__EXERCISE DATA__.
···

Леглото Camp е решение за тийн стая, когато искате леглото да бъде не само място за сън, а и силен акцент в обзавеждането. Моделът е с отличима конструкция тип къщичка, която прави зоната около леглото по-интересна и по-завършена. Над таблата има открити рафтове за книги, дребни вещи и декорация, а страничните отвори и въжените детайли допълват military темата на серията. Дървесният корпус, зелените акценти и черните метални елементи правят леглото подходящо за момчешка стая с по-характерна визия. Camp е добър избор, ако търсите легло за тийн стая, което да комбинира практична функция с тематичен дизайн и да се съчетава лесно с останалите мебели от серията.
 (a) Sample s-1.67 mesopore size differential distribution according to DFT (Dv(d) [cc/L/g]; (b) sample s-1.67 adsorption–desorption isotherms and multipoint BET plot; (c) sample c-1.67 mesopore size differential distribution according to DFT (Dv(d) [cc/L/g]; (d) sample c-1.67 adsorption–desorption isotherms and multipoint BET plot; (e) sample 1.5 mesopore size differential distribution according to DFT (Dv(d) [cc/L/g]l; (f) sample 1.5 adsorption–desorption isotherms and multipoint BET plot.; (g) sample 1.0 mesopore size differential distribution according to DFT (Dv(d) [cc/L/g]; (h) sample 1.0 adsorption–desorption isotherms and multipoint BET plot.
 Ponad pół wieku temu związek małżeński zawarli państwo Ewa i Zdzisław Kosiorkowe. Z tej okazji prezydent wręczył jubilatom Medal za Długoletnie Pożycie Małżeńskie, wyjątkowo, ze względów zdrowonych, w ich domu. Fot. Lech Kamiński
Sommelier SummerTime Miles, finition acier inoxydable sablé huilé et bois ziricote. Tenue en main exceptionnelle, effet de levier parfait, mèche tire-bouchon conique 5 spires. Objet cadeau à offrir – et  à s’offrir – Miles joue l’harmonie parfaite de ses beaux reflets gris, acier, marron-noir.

···

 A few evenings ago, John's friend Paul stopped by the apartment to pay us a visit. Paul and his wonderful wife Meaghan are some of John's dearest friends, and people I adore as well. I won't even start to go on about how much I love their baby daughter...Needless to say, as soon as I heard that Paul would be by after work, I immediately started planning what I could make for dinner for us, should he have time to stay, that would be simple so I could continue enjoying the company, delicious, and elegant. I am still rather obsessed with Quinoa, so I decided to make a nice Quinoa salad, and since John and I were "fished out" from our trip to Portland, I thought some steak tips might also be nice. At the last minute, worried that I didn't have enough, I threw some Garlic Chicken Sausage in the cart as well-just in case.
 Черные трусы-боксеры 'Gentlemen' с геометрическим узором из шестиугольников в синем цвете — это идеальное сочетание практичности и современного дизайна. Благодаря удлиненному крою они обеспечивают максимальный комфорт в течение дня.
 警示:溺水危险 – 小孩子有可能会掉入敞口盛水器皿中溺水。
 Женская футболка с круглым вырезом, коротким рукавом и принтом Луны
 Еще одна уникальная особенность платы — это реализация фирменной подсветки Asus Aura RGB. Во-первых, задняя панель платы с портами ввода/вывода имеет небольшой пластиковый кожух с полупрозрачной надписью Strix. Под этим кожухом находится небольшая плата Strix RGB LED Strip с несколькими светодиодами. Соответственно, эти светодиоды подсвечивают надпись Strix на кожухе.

···

Set down, exactly as they stand above, the lines starting with the line with "Женская футболка с" and going on through the line with "Еще одна уникальная", and no others.

 Женская футболка с круглым вырезом, коротким рукавом и принтом Луны
 Еще одна уникальная особенность платы — это реализация фирменной подсветки Asus Aura RGB. Во-первых, задняя панель платы с портами ввода/вывода имеет небольшой пластиковый кожух с полупрозрачной надписью Strix. Под этим кожухом находится небольшая плата Strix RGB LED Strip с несколькими светодиодами. Соответственно, эти светодиоды подсвечивают надпись Strix на кожухе.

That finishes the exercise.